The scope of the powers and duties of the Board are outlined in Va. Code § 10.1-1307. Subsection E sets out the criteria the Board must use in, inter alia, approving permits. Throughout the statute as read, the General Assembly has evinced an intent to grant the Board with broad authority “to control ... all sources of air pollution in the Commonwealth.” It has the authority to adopt regulations controlling emissions into the atmosphere, grant local variances, hold hearings on the causes of air pollution, inter alia. It shall consider “facts and circumstances relevant to the reasonableness of the activity involved and the regulations proposed to control” air pollutants. Under this statutory framework, it does not seem unreasonable to grant the City of Alexandria, a known long time opponent of the Station, an opportunity to propose its version of the permit to be considered and to suggest that Mirant *121and the City work at coming to an agreement about permit limits for the Board’s ultimate consideration. Alexandria, like others, was given the chance for public comment.
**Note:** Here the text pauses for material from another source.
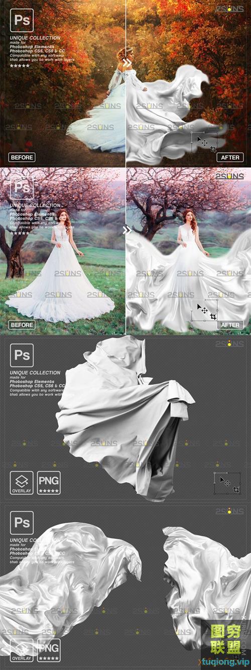 图穷联盟PS素材 » 157张白色飞舞飘动裙摆飘纱PNG透明合成素材

Although the extent the record may show the Board allowed Alexandria to participate both in negotiations and input its version of what a permit should look like, the court cannot find any legal impediment on the Board to not allow this. It can even be said that the invitation extended was necessaiy for the Board to inform itself as to the best course of action, a motivation which is sanctioned by its powers and duties as defined. As it turned out, the Board adopted its own permitting standard with the use of the ENSR consultant study using a modeling approach approved by the EPA as acceptable. This is in keeping with the legal requirement on the Board to regulate and bring air pollutant sources in compliance with all applicable emission standards. See 9 VAC 5-80-850.A.2. So, an examination of all the assigned procedural errors does not reveal any impact on the fact that there is ample evidence before the Board to justify the action it took to grant the state operating permit.
Given that, under Va. Code § 2.2-4027, the burden is on the appellant, Mirant, to demonstrate an error of law and the court can find none, the decision of the Board on this permit will be affirmed.